DLF Brands signs on new names to hone focus
By Chaitanya Muppala | Vjmedia Works | February 03, 2014
Trailing other multi-brand licensees, the company is entering the beauty segment, even as it opens only single-brand stores to reflect a distinct positioning
Entering the beauty segment for the first time, Timmy Sarna, the managing director of the company and son-in-law of DLF chairman, the octogenarian, Kushal Pal Singh, says, "It is growing fast. Brands will give us the support and we will jointly run it.
"DLF Brands which runs stores of Mothercare, Forever 21, Mango among others, is signing a joint venture with the Italian cosmetics brand Kiko next month.
DLF Brands has already signed a franchisee agreement with French fashion house LVMH's beauty products retailer Sephora, which earlier had an agreement with the Delhi-based Genesis Colors. Genesis Colors has a similar model of handling multiple brands either through franchising, licensing or joint-ventures as followed by DLF Brands. Others include Reliance Brands of Reliance Industries and Arvind Brands.
DLF Brands expects revenues of over Rs 500-600 crore from both the beauty brands in the next five years, even as it looks to become a Rs 1,000-crore company in the next three years. Retail consultant Prashant Agarwal, deputy managing director at Wazir Advisors, believes it is a logical extension for DLF Brands to get into beauty, as it already has experience in running apparel and lifestyle stores. Moreover, he says that "since the company is connected to DLF, it can leverage the retail space the company has".
"Brands help us with merchandise selection while DLF finds locations, helps build and run the stores," Sarna says. Sarna concedes that the association with DLF also helps in bagging partnerships with international brands.
However, the partnerships could have been easier if DLF Brands found itself a niche to work in. Agarwal says it has not been able to create a clear segmental focus unlike Reliance Brands or Arvind Brands. "DLF Brands runs the danger of having to wait for international brands to trickle down to them from other players, due to the lack of clarity," says Agarwal.
Reliance Brands straddles three upper-end segments with brands such as Quicksilver and Timberland in super-premium, Diesel and Thomas Pink in affordable luxury (average price-point of Rs 8,000-10,000) and Ermenegildo Zegna and Paul & Shark (price-points from Rs 15,000) in luxury. Arvind Brands operates primarily in three apparel segments - value (Cherokee), premium (USPA, Arrow) and super-premium (GANT and Tommy Hilfiger).
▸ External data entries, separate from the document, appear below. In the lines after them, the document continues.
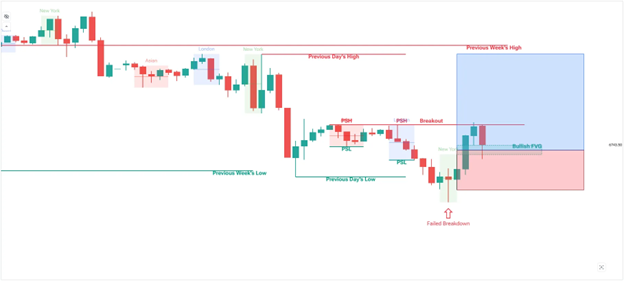 价格未有效站上该水平,迅速反转,并留下新的 FVG。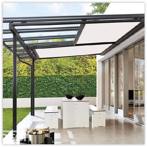 Right now save 15% off this German manufactured ‘combo’ of a bespoke glass veranda roof with aluminium frame and an electric retractable fabric blind built into the back section of the roof and almost invisible when not in use.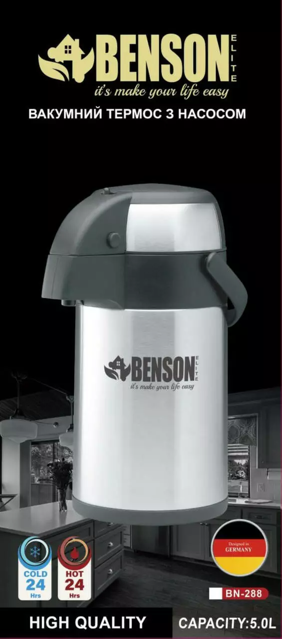 Ідеальне пристосування для зберігання гарячих або холодних напоїв. Термос із насосом Benson BN-287 виготовлений із високоякісної неіржавкої сталі. Легко миється, не боїться різких перепадів температури та нагрівання. Вміє великий діаметр, що дає змогу легко заливати воду або класти шматочки льоду. Кришка з пластику обладнана пневмонасосом і силіконовими ущільнювачами, що дає змогу добре та щільно прилягати до горловини термоса, чудово зберігаючи температуру всередині. Також є кнопка для блокування Пневмонасоса. На кришці розташована рухома ручка, завдяки якій легко та зручно переносити термос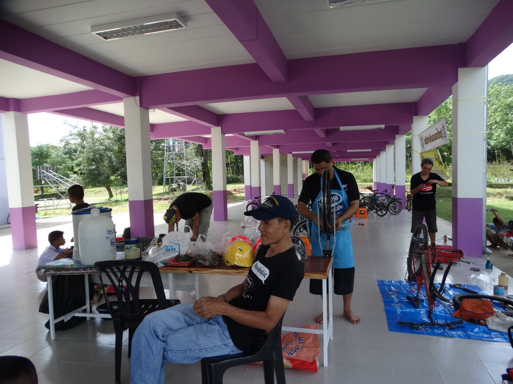 - ซ่อมจักรยานให้นักเรียน โดย เตรียมอะไหล่ที่มีอยู่ไปด้วย พบคันไหนที่ซ่อมได้วันนั้นก็ซ่อมเลย ถ้าอะไหล่ไม่พอค่อยนัดมาใหม่
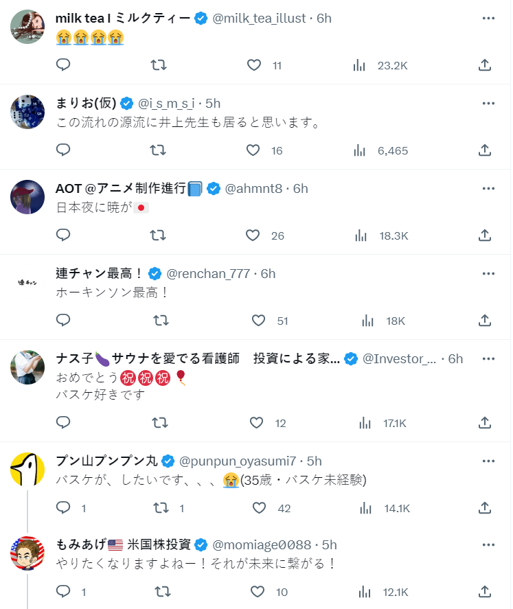 當然還是要 Cue 到井上雄彥老師,賽後井上也在 X 上貼出了璀璨煙火的影片,足以見得井上老師對籃球的熱愛,底下網友也熱情與老師一同慶祝這次的勝利,日本男籃終於有機會自力踏上奧運舞台。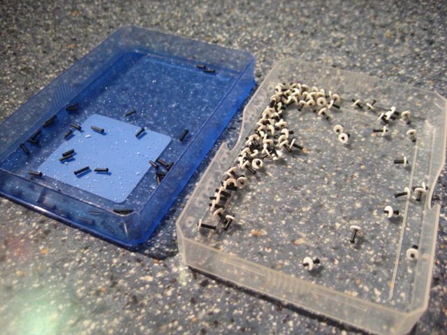 Die Scheibchen wurden dann mit einer Kunststoffniete bespickt.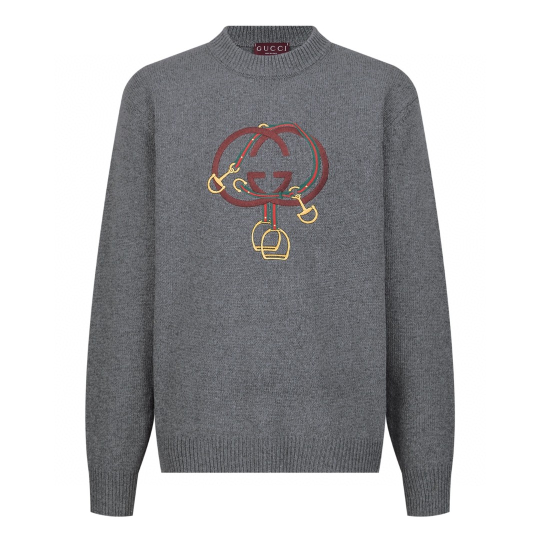 GUCCl 古驰 红灯笼双G刺绣圆领毛衣 针织衫 外套 长袖 灰色 A7
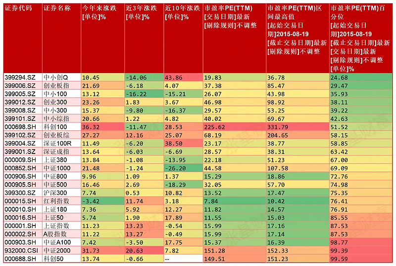 沪指在创近10年新高后,估值到了近十年PE分位数的87.53%;沪深300指数位于十年PE分位数的75.35%;深证成指位于十年PE分位数的63.42%。

Genesis which has the first-mover's advantage in bringing in a phalanx of luxury brands handles 14 luxury brands including Armani, Burberry, Canali and Jimmy Choo.
But new brands and rationalisation over the last few years point to DLF Brands' trying to sharpen focus on the mid to premium brands space. Kiko too operates in the mid-segment. "Kiko's products are half the price of those from a brand like MAC," says DLF Brands CEO Deepak Agarwal. The prices would be between Rs 200 and 2,000, he says.
About two years ago, DLF Brands ended its joint-venture with Italian luxury fashion brand Giorgio Armani, marking its exit from the luxury space.
The company also ended the franchise agreement with Italian brand Alcott last year as it was not doing well and reduced the size of its home furnishing stores Pure Home + Living. It has also scaled back its multi-brand stores called AVE.NUE.
It is also focusing on single-brand stores. Sarna says, "We want to open specialised, single-brand stores in cities." DLF Brands is planning to open 65 stores for its brands such as Mothercare kids and marternity-care, Forever 21, Claire in cosmetic jewellery and Sunglass Hut this year.
Focusing on mid-tier lifestyle brands in standalone stores has paid off. Its tie-up with fast fashion brand Forever 21 has clocked a business of Rs 100 crore in the first six months of launch. It is claimed to be doing a per-square-feet sales of Rs 43,000 and closing in on Zara. Sarna also claims that Mothercare stores are doing brisk business. Sarna says that like-to-like growth of the portfolio's brands have been in the range of 15-20 per cent.
While Genesis is reported to have clocked around Rs 300 crore with its total of 21 brands in 2013-14, Sarna says DLF Brands will cross Rs 300 crore 2014 and Rs 500 crore in 2015. "Ninety per cent of the company's 150-odd stores are profitable," says Sarna.
Sarna claims that three of his brands - Mothercare, Sunglass Hut and Claires - have already done so and DLF Brands itself is expected to turn profitable this year, its fifth year of operations.